I am trying to play around with Mosaic on the Databricks.
Previously I was able to run Mosaic library on DBR 11.3. however, Volumes was not support in this DBR 11.3 version.
So I changed the DBR to 13.3 Standard, but the Mosaic was not able to import.
I installed the lib as the documentation instructed. Here is the install and import snippet. Exactly as the documentation.
# Installation
%pip install databricks-mosaic --quiet # <- Mosaic 0.3 series
# %pip install "databricks-mosaic<0.5,>=0.4" --quiet # <- Mosaic 0.4 series (as available)
dbutils.library.restartPython()
# Setup libs
# -- configure AQE for more compute heavy operations
# - choose option-1 or option-2 below, essential for REPARTITION!

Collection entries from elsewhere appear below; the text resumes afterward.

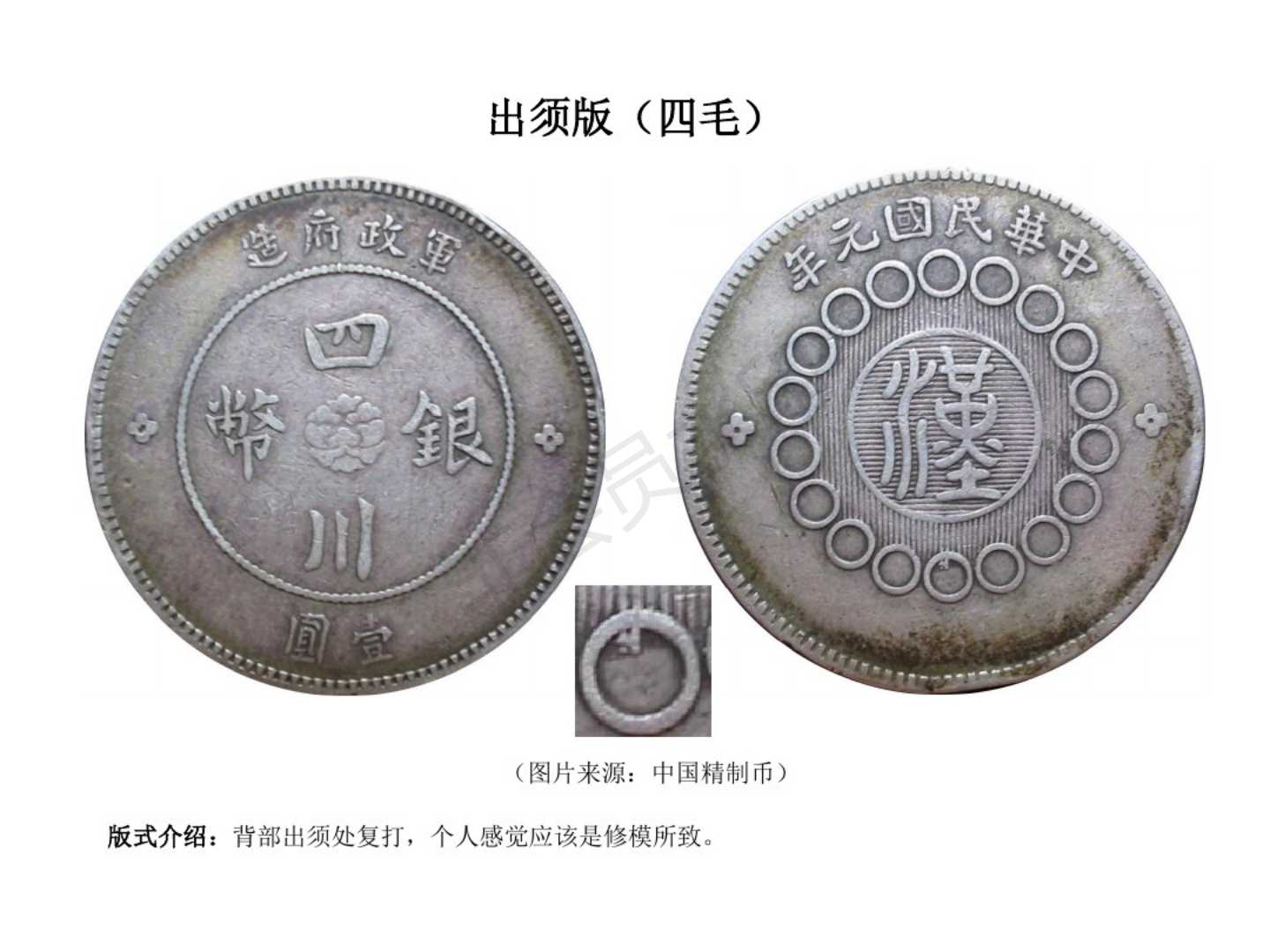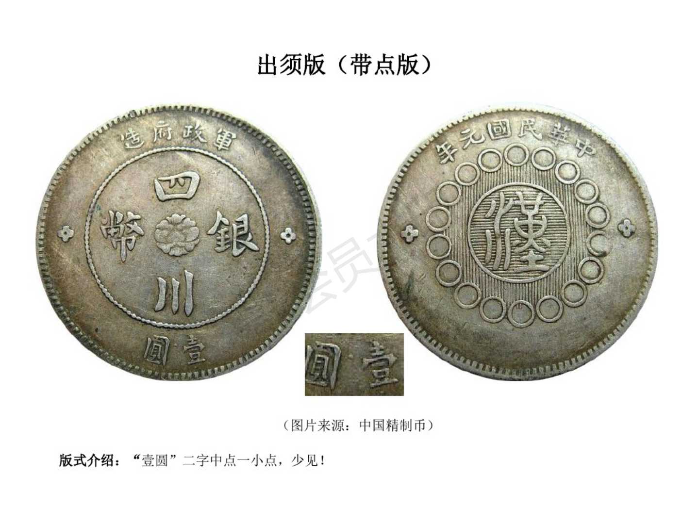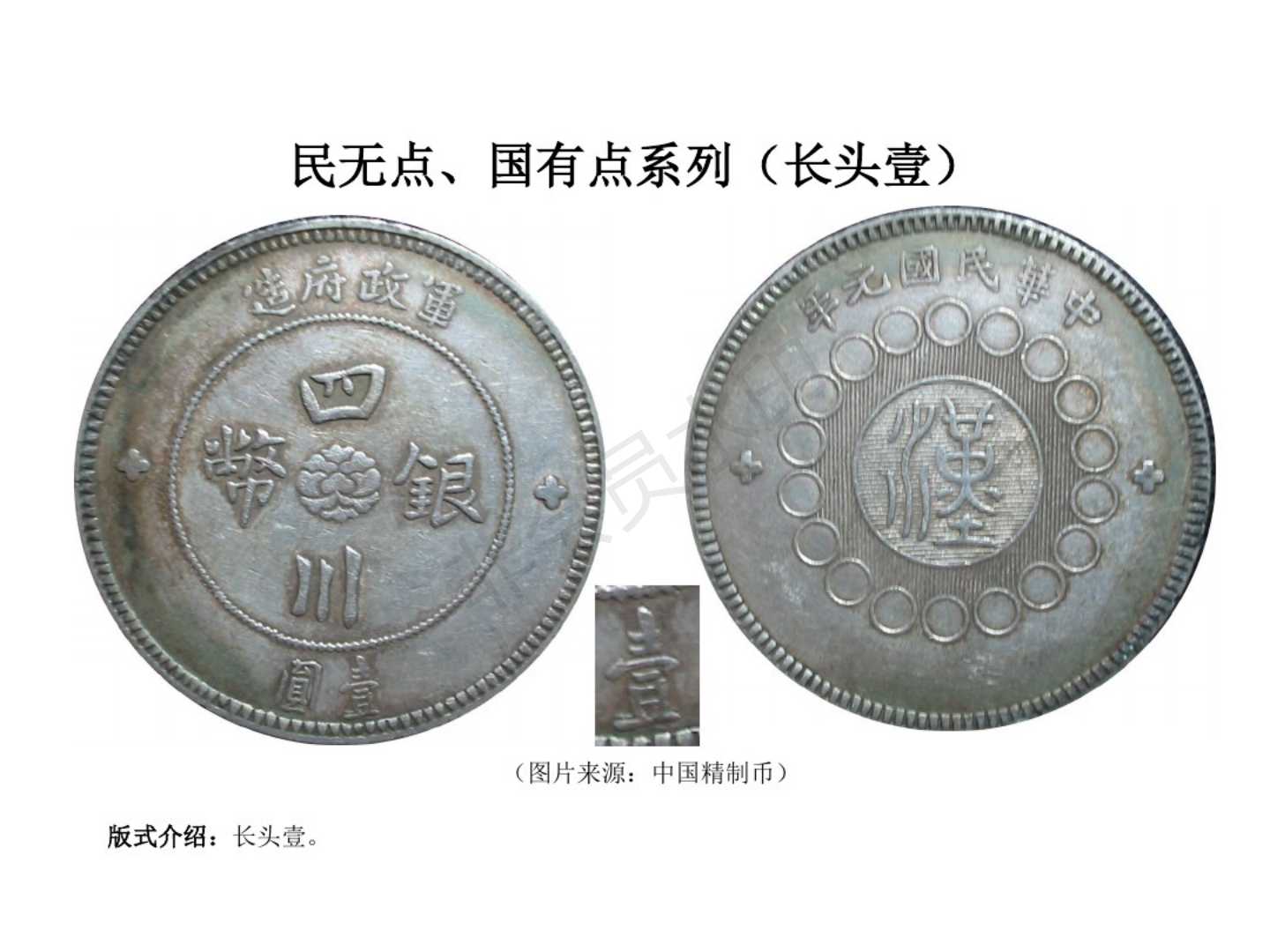 1.民国元年(1911)12月四川军政府成立,废除前清龙模银币,创四川银币模型。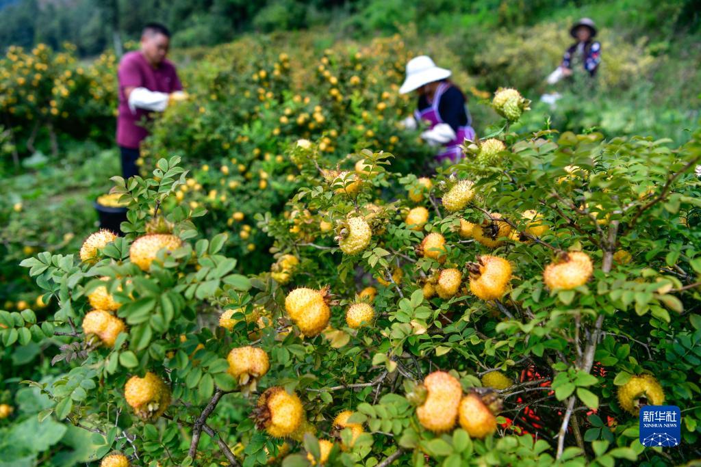 9月1日,村民在貴州省龍里縣谷腳鎮茶香村采摘刺梨。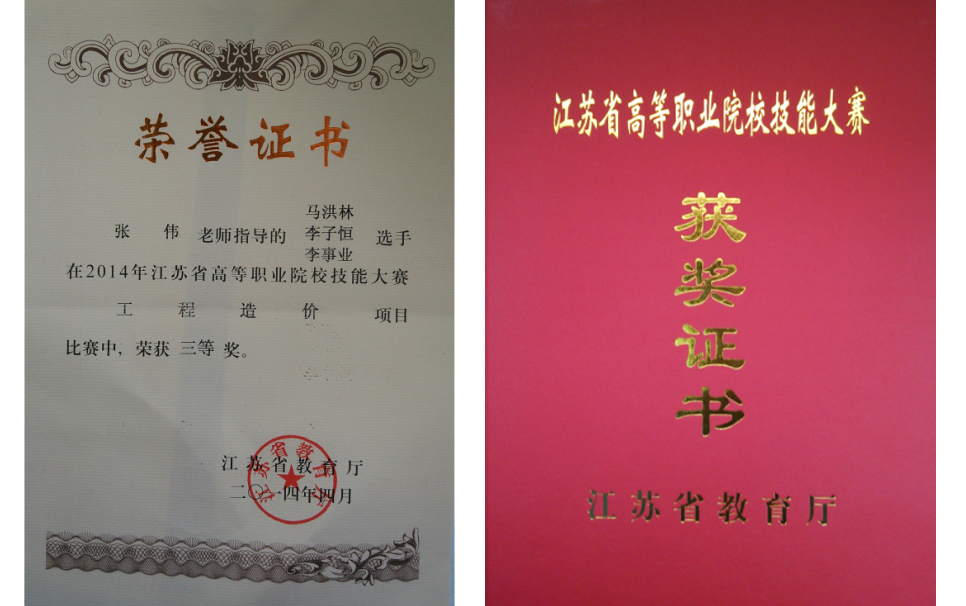 为加快推进我院工程造价专业教育改革,不断提高学生实践能力和创新能力,提升人才培养质量。4月25-27日,我院参加了由江苏省教育厅在江苏建筑职业技术学院举办的全省高等职业院校首届工程造价技能大赛。本次工程造价技能竞赛既是全省高等职业院校技能大赛赛项之一,也是选拔参加全国工程造价技能竞赛代表队的预选赛,共有全省24所高职院校参加。本次工程造价技能大赛的方式分为手工工程量计算、创新工程量计算和软件工程量计算三个方面,每种竞赛方式的内容均包括土建、装饰和安装三个方面的知识,具有考查知识面广,考查难度深,考查技能水平高和竞争激烈等四大特点。接到比赛通知后,土木工程系袁文主任非常重视此次比赛,并及时部署相关工作,并指示由教学副主任张伟老师亲自带队参赛。接到任务后张伟老师积极行动起来,组建了张伟老师任队长,杨署华老师为培训人员,以李事业、马洪林、李子恒三位同学为培训对象的参赛队伍,先后开展了大量的培训工作。比赛期间张伟老师不断鼓励同学不要紧张,要仔细认真,更要放松心态。选手们也沉着应战,发挥出了他们的正常水平,并最终取得了大赛三等奖的好成绩,指导教师张伟老师也同时荣获优秀指导教师。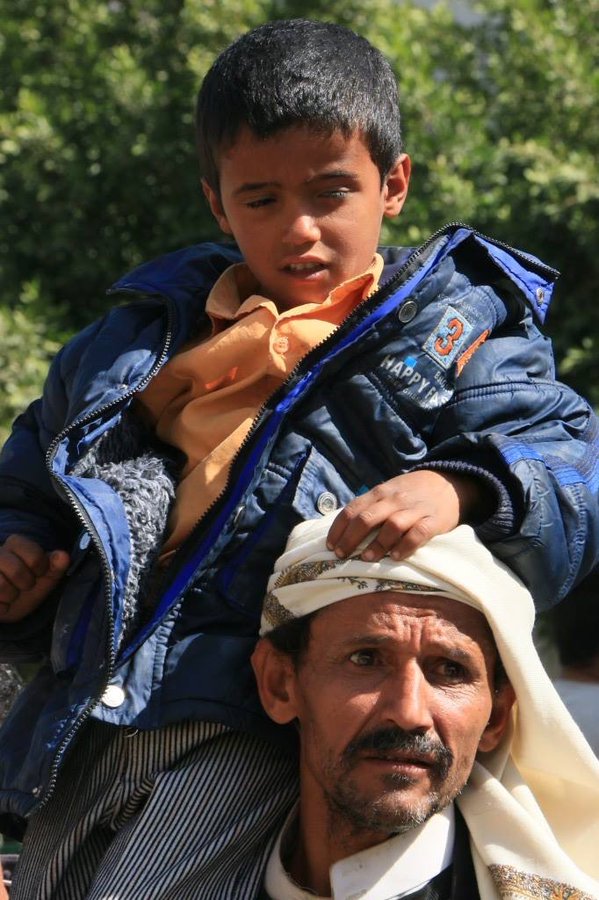 “Yemen blind boy with father appealing to humanity for stopping Saudi war crimes after destroying blind school” Nasser Arrabyee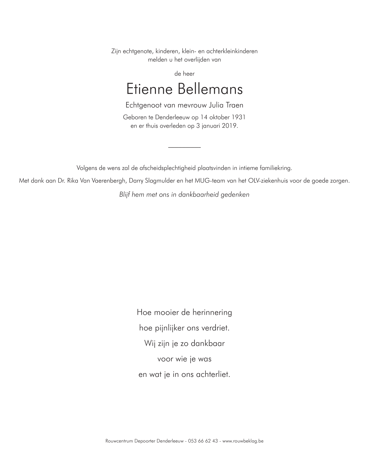 Décédé à Denderleeuw (9470) le jeudi 3 janvier 2019 à l'âge de 87 ans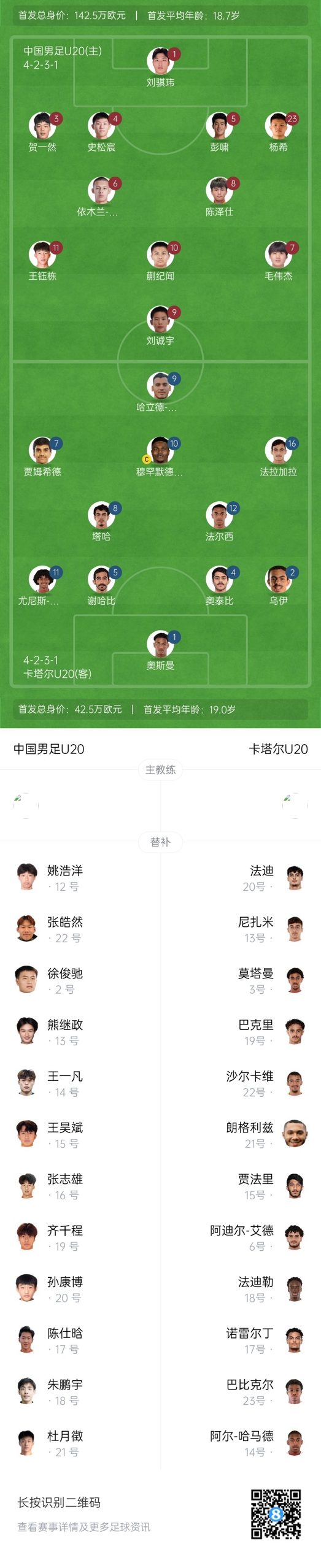 卡塔爾U20替補:21-朗格利茲、22-沙爾卡維、3-莫塔曼-穆罕默德、6-艾德、13-尼扎米、14-哈馬德、15-賈法里、17-努爾丁-易卜拉欣、18-法迪勒、19-巴克里、20-齊亞德-法迪、23-巴比克爾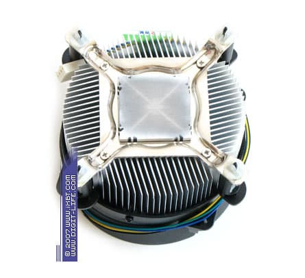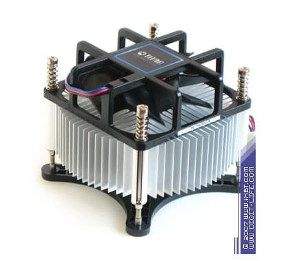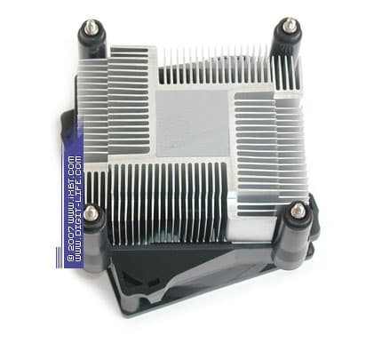 По сути, DC-775G825Z/N копирует конструктив родственной модели экономичного толка от Cooler Master — ICT-D925P-GP, и делает это почти дословно — имеем радиатор такой же структуры, только в еще более усеченном виде и с ухудшенными термическими параметрами (ребро прямоугольного сечения, толщина 0,8 мм, шаг размещения 3 мм, общая площадь поверхности теплообмена порядка 800 см2), и тот же винтовой крепеж весьма среднего технического качества. Единственное различие между ними заключается в набортных вентиляторах, но и оно играет не в пользу нашего подопытного — меньший типоразмер и открытая крыльчатка в здешних условиях явно не способствуют эффективному продуву радиатора.

# spark.conf.set("spark.databricks.optimizer.adaptive.enabled", False) # <- option-1: turn off completely for full control
spark.conf.set("spark.sql.adaptive.coalescePartitions.enabled", False) # <- option-2: just tweak partition management
spark.conf.set("spark.sql.shuffle.partitions", 1_024) # <-- default is 200
# -- import databricks + spark functions
from pyspark.sql import functions as F
from pyspark.sql.functions import col, udf, explode, to_json, lit
from pyspark.sql.types import *
# -- setup mosaic
import mosaic as mos
mos.enable_mosaic(spark, dbutils)
# mos.enable_gdal(spark) # <- not needed for this example
# --other imports
import os
import pathlib
import requests
import warnings
warnings.simplefilter("ignore")
The error was only here,
java.lang.Exception: DEPRECATION ERROR:
Nevermind, I just found out the error message was folded. I should be using DBR with ML. DBR version 13.3 ML is working fine.